SUPPLIED INFORMATION:

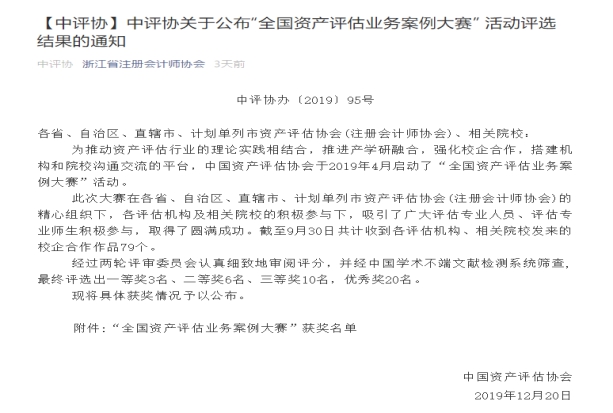 为推动资产评估行业的理论实践相结合,推进产学研融合,强化校企合作,搭建机构和院校沟通交流的平台,中国资产评估协会于2019年4月启动了“全国资产评估业务案例大赛”活动。
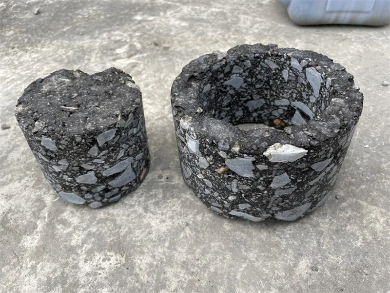 现场取芯的芯样骨料分布均匀,空隙率较小,非常致密
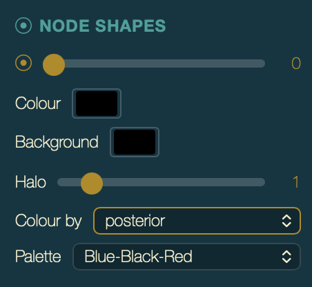 posterior ≥ 0.95— you can achieve this visually by choosing a palette that maps values below your threshold to the background colour, making low-support nodes invisible. Alternatively, use Node Labels to display the exact value as text on specific nodes only.
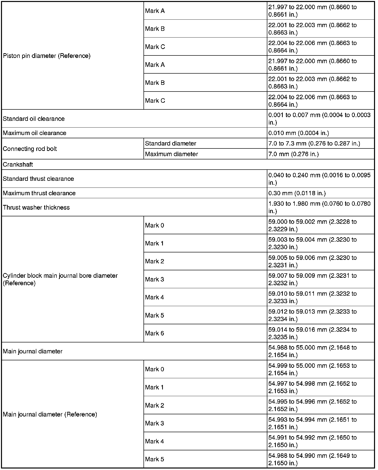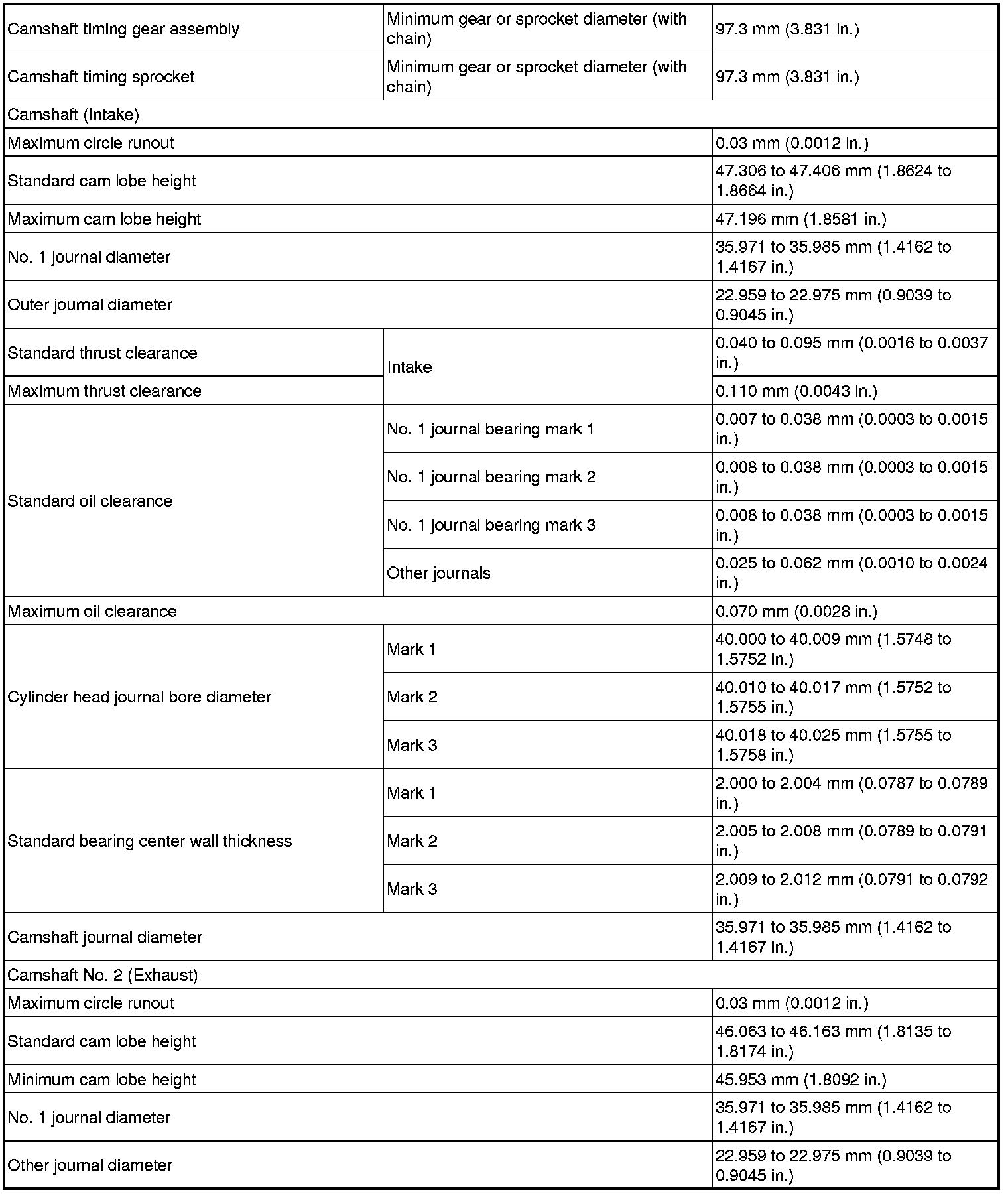 SERVICE SPECIFICATIONS: 2AZ-FE ENGINE MECHANICAL: SERVICE DATA

REQUIRED WORK: Retype the data exactly as it stands, but keep the images out of your copy.

EXPECTED OUTPUT:
 为推动资产评估行业的理论实践相结合,推进产学研融合,强化校企合作,搭建机构和院校沟通交流的平台,中国资产评估协会于2019年4月启动了“全国资产评估业务案例大赛”活动。
 现场取芯的芯样骨料分布均匀,空隙率较小,非常致密
 posterior ≥ 0.95— you can achieve this visually by choosing a palette that maps values below your threshold to the background colour, making low-support nodes invisible. Alternatively, use Node Labels to display the exact value as text on specific nodes only.
 SERVICE SPECIFICATIONS: 2AZ-FE ENGINE MECHANICAL: SERVICE DATA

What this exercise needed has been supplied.